Application configuration defines your application component(s) (an application component is simply a LWC that is the root/parent component of a page), and the page(s) which contain them.

    // Application Configuration
    app: {
        defaultComponent: 'my/app',
        defaultTemplate: 'src/index.html',
    },

See Application API

Component Rollup

Configuration of how components are bundled together during compilation is described by the CompilerConfig.inlineConfig configuration property.

When a component is compiled, dependent components can be rolled up in to the component's source. This produces a compiled component with both the root and its dependencies inlined in to the resulting generated code.

The inlineConfig property allows you to configure which components are rolled up in to the generated source.

By default, the compiler will attempt to rollup all components available to the compiler. This includes components in the moduleDir as well as components provided via package.json dependencies.

As a result, the inlineConfig directive is primarily an exclusion policy.

For example the following configuration, will exclude the shared/library component from being woven in to the generated code for the my/app component. This enables re-use of the shared/library component by others via Component Bundling or externals.

module.exports = {
    // Component Bundling Configuration
    compilerConfig {
        inlineConfig: [{ descriptor: 'my/app', exclude:['shared/library']}],
    }
};

Note: If an exclusion matches an unexposed dependency, the exclusion will be ignored. Unexposed dependencies will always be rolled up.

Component Bundling

LWR compiles all your application code into manageable code "bundles". This is meant to ensure the application doesn't try to load unnecessary code, while also ensuring that code is available when the application needs it.
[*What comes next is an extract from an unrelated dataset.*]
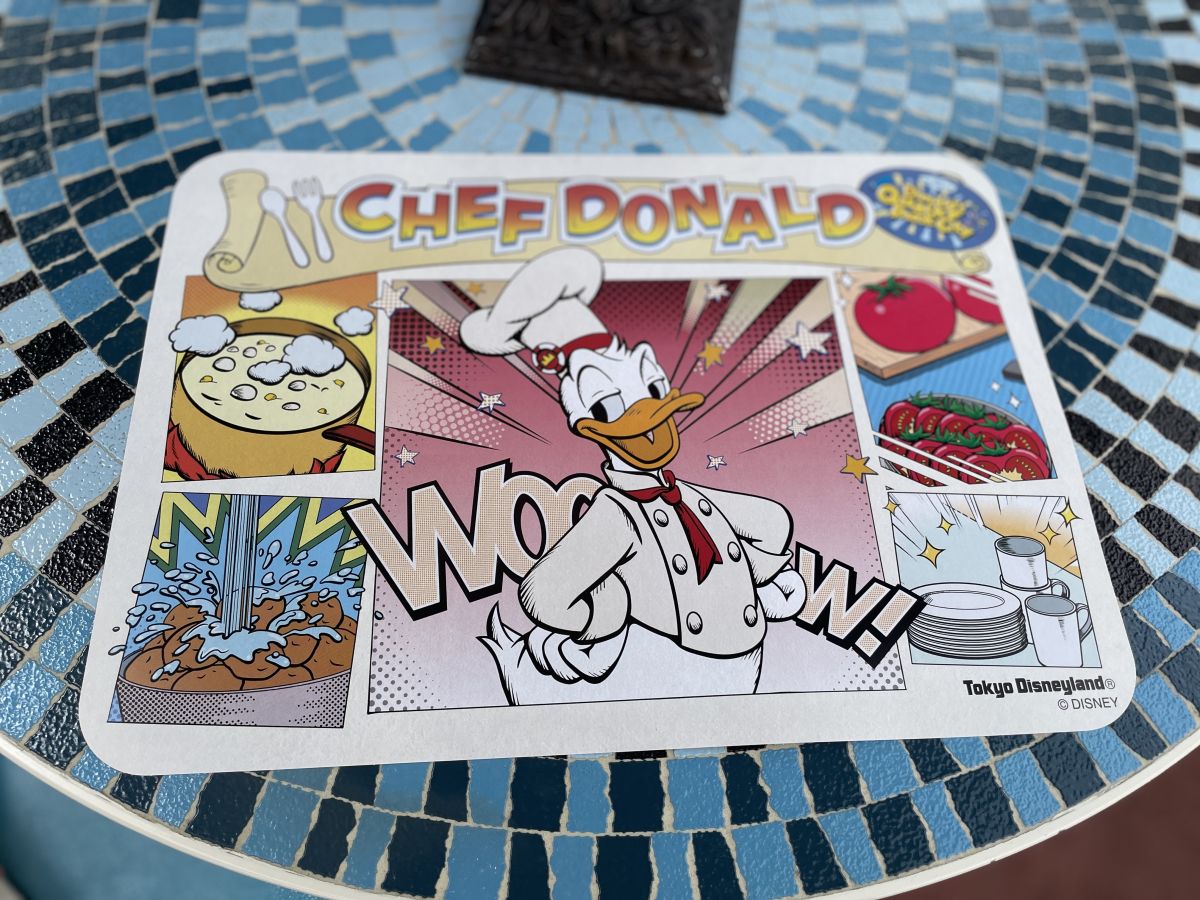 このメニューは得意気な表情がたまらないシェフ姿のドナルドが描かれたランチョンマット付き。もちろん持ち帰りOKです。

When LWR creates these bundles, a decision has to be made on how large each bundle should be. The act of drawing that line at a certain boundary is usually referred to as code-splitting. LWR gives you control over the code splitting strategy.

For example, the following configuration directs the runtime to split the application in two ways --

  • bundle all available dependencies of the root component -- my/app
  • bundle all available dependencies for each page component -- pages/*

The bundle will not include dependendies, which are either preloaded using the preloadModules or consider external to the runtime container by the externals configuration property.

module.exports = {
    // Component Bundling Configuration
    bundle: ['my/app', 'pages/*'],
};

Note: In the case of component bundling the components are still individually registered in to the client component module registry, but are grouped together in to bundled response payload.

Bundling Exclusions

It is also possible to exclude components from a bundling request using the exclude property in the Bundle Config Entry.

module.exports = {
    // Component Bundling Configuration
    bundle: [{ descriptor: 'my/app', exclude: ['shared/library'] }, 'pages/*'],
};

This type of configuration can be useful when you want to share a module across application component graphs. Use in conjunction with preloadModules or externals configuration properties.